The latest government data shows that 50% of businesses in the finance or insurance sector have incident response plans. However, social engineering attacks exploit human vulnerabilities that technology alone cannot address.
This shift – from purely digital attacks to blended approaches that combine online manipulation with physical intrusion attempts – represents a significant escalation in cybercriminal tactics.
What Makes This Threat Different
The Blended Attack Evolution
Modern social engineering has evolved beyond simple phishing emails. Attackers now combine digital manipulation with physical presence, using fake credentials, uniforms, and convincing cover stories to gain access to buildings and sensitive areas. This multi-pronged approach makes detection and prevention significantly more challenging.
The Scattered Spider Approach
Scattered Spider (just one name for this particular collective of threat actors) employs sophisticated social engineering attacks to bypass mature security programmes. They use tactics that include:
- Phishing,
- SIM-swapping,
- And MFA fatigue attacks for initial access.
What sets this group apart is their use of native English speakers. Since they can convincingly impersonate employees, the group’s deception is particularly effective against UK and US targets.
Why Insurance Companies Are Prime Targets
Insurance companies handle vast amounts of sensitive personal data, financial records, and health information. This goldmine, combined with complex organisational structures and extensive outsourced IT functions, creates multiple attack vectors that criminals can exploit.
Insurance companies often have large help desks and outsourced IT functions that are also susceptible to social engineering attacks, which align directly with Scattered Spider’s competencies.
Understanding Social Engineering Tactics
Digital Manipulation Methods
Social engineering begins with research. Attackers scour company websites, social media profiles, and public records to gather information about employees, organisational structure, and internal processes. They use this intelligence to craft convincing impersonation attempts.
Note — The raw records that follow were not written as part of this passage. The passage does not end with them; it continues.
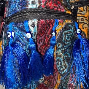 Different from any other backpack with great colors and unique great for a concert, travel, or for you daily use. Zipper on the back with a triangular shape
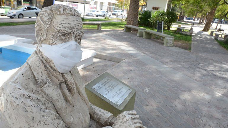 La subsecretaría de Cultura de la ciudad de Neuquén comenzó a taparle la boca a todos los monumentos en el marco provincial de uso obligatorio barbijos para las personas que circulan por la vía pública. "Es una forma también de comunicar y creemos que es una forma creativa de informarlo", aseguró Andrés Zerneri, titular del área.
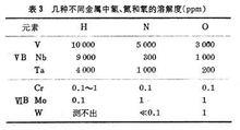 金屬中氣體氣體在過渡族金屬中的溶解度隨其電子結構而不同,ⅤB族金屬(V、Nb、Ta)中的氫、氮和氧的溶解度便較高,而ⅥB族金屬(Cr、Mo、W)則甚低,如表3。 這些填隙原子在金屬中的含量超過溶解度時,就會使金屬變脆。通過純化來提高韌性,對 V、Nb、Ta來說,比較容易做到,而對Cr、Mo和W來說就很難。這三種金屬在冶煉和加工工藝上的困難,也與此有關。
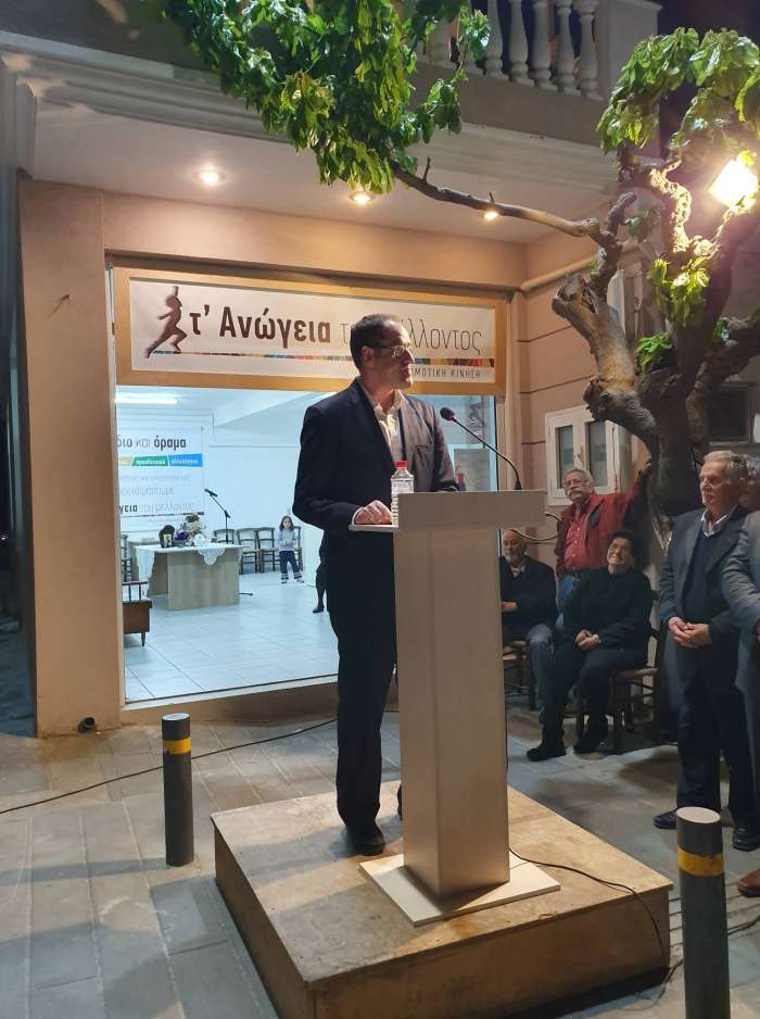 Πλήθος κόσμου βρέθηκε χθες στα εγκαίνια του εκλογικού κέντρου του υποψήφιου δημάρχου Ανωγείων Σωκράτη Κεφαλογιάννη και του συνδυασμού του “Ενωτική Δημοτική Κίνηση-Τ’Ανώγεια του Μέλλοντος. Γυναίκες και άνδρες όλων των ηλικιών βρέθηκαν εκεί για να σφίξουν το χέρι του υποψηφίου δημάρχου Ανωγείων και να ευχηθούν καλή δύναμη στον αγώνα τόσο του ίδιου όσο και των 23 μελών του ψηφοδελτίου του. “Τα Ανώγεια είμαστε εμείς και η ζωή μας είναι συνυφασμένη με τούτο τον τόπο και την μοίρα του που εμείς καθορίζουμε..” ανέφερε χαρακτηριστικά ο κ.Κεφαλογιάννης στην ομιλία του και ολοκλήρωσε λέγοντας ότι “Σήμερα ο δήμος, η Ανωγειανή κοινωνία στο σύνολό της χρειάζεται μία Νέα Πνοή, μία έκρηξη Συλλογικής Ευθύνης πάνω σε ένα καλά σχεδιασμένο πρόγραμμα για τα Ανώγεια του Μέλλοντος..”
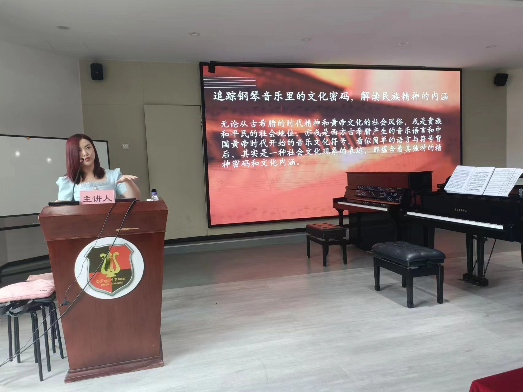 101报告厅顺利举行。本次大师课由在站博士后,浙江师范大学艺术学院钢琴系副主任副教授、硕士研究生导师新加坡首都艺术学院特聘教授《钢琴艺术》杂志专家委员会委员孟颖主讲,吸引了众多音乐爱好者与钢琴学子前来聆听学习。在课程中,孟颖教授针对两名学员的演奏进行了深入细致的点评与指导,其精湛的专业素养与独到的音乐见解赢得了在场观众的阵阵掌声。

Common digital tactics include:
- Pretending to be new employees who need system access
- Claiming to be from IT support requiring password verification
- Posing as senior executives demanding urgent assistance
The pressure tactics they’ll use often involve artificial urgency (‘your account will be deleted in 24 hours’), appeals to authority (posing as a CEO), or threats of consequences for non-compliance.
Physical Site Engineering
Physical intrusion attempts are also becoming increasingly sophisticated. Attackers may pose as delivery drivers, maintenance workers, job applicants, or visiting consultants. They often carry props like clipboards, uniforms, or fake identification badges to appear legitimate.
Tailgating remains one of the most effective physical social engineering tactics. Attackers simply follow authorised personnel through secure doors, often carrying coffee or packages to appear like fellow employees. Most of us instinctively hold doors open for others, making this technique surprisingly successful.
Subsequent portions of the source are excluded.